### PROVIDED RECORDS
- Opening Delimiter -
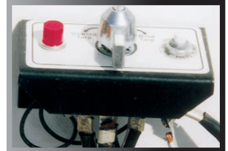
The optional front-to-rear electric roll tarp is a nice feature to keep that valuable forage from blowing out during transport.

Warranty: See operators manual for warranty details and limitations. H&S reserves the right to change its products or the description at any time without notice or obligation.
- Closing Delimiter -
- Opening Delimiter -
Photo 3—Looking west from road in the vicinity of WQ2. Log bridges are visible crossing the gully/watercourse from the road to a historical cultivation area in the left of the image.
- Closing Delimiter -
For every line in the data above that holds "from", return the line itself.

The optional front-to-rear electric roll tarp is a nice feature to keep that valuable forage from blowing out during transport.
Photo 3—Looking west from road in the vicinity of WQ2. Log bridges are visible crossing the gully/watercourse from the road to a historical cultivation area in the left of the image.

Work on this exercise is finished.